The Cheese Mistake Americans Often Make In France

France is considered by many to be one of the greatest places in the world to enjoy cheese. It's a country that's home to hundreds or even thousands of different types, from funky Roquefort to gooey Camembert — and the kind of authentic French Brie you won't find Stateside. Many French cheeses (more than 40 types) are even marked AOP, or appellation d'origine protégée (Protected Designation of Origin), meaning that they can only be made in a specific manner and a specific region of France.

It's normal to want to sample as many French cheeses as you can while visiting France, but there's one mistake that many Americans make when enjoying their dairy delights. While in the United States, it's customary to eat cheese as an appetizer before a meal, in France, cheese is typically served near the end of a meal, after the main course, and before dessert. So if you order a plate of cheese at a bistro immediately followed by a burger, you might raise some incredibly French eyebrows.

The cheese course

The cheese course is a favorite among many French people, and it is common for restaurants to wheel out a designated cheese cart (aptly named chariot à fromages) after the main course for diners to examine and select from. And if you're dining with a French family, they might bring out a cheese platter near the end of the night, usually followed by dessert, or perhaps a simple fruit plate.

Ideally, the cheese course has a minimum of three cheeses of various types. So you might have a soft, tangy goat cheese; a mild and semi-hard comté; and a nutty, crumbly mimolette all on the same platter. It's recommended to eat them in the order of funkiness, starting with the mildest cheese and working your way up to the strongest flavor, so as not to overpower the palate. Cheeses are meant to be served at room temperature, so serving them near the end of a meal allows you to set them out on the counter ahead of time and serve them just when they are ready to be eaten.


There is one crucial exception to the "no cheese before dinner" rule in France, however: l'apéro. This is a traditional French gathering where pre-dinner drinks (l'apéritifs) and small bites are served. Light snacks such as olives, nuts, or dips are served, but charcuterie and cheese plates are also common. Though in France, "charcuterie" explicitly refers to dried and cured meats, and doesn't include cheese as American charcuterie boards often do. A plate that comes with both would be called a planche mixte in French.

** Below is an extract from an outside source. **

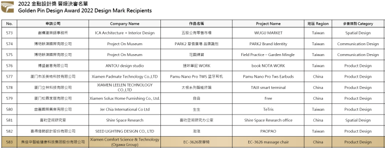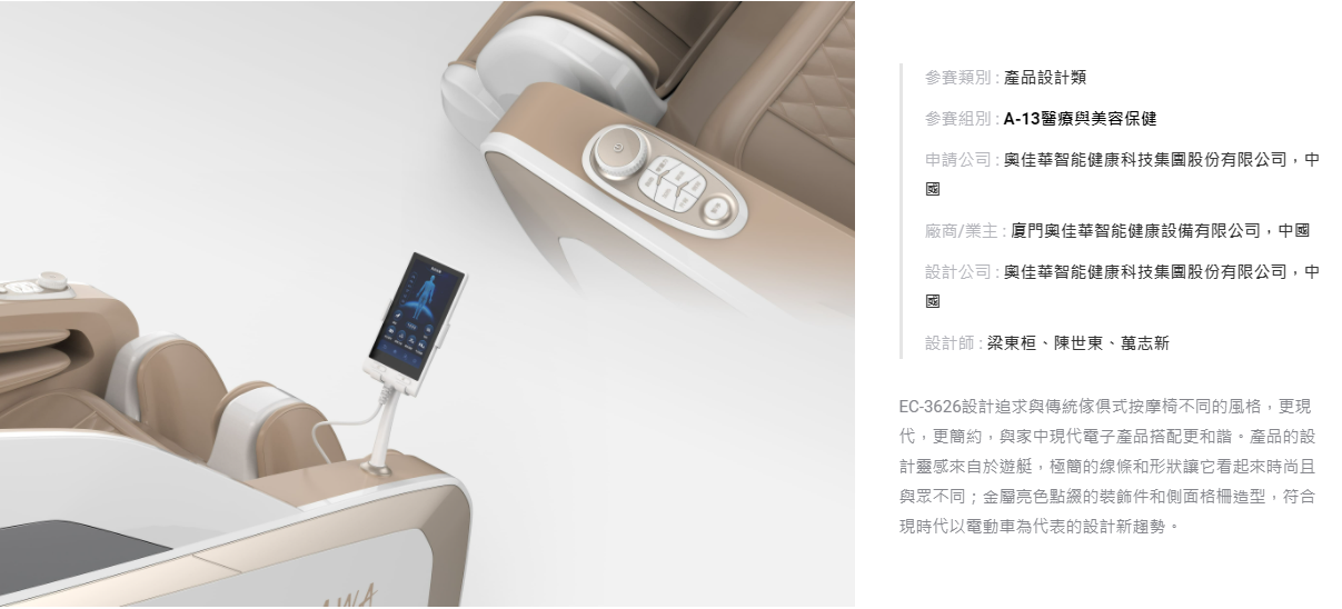 金点设计奖是中国台湾历史最悠久、最权威且最富知名度的专业设计竞赛,已成为优质设计作品的代名词,被媒体称为“设计界金马奖”。

However, apéro is closer to happy hour than an appetizer course — and is typically hosted much earlier than dinner. It also won't generally take place in the same location as your main meal. So this doesn't technically count as eating cheese at the start of a meal because you will have plenty of time to digest your snacks before the first course is even on its way. After all, dinner in France doesn't usually start until close to 8:00 p.m.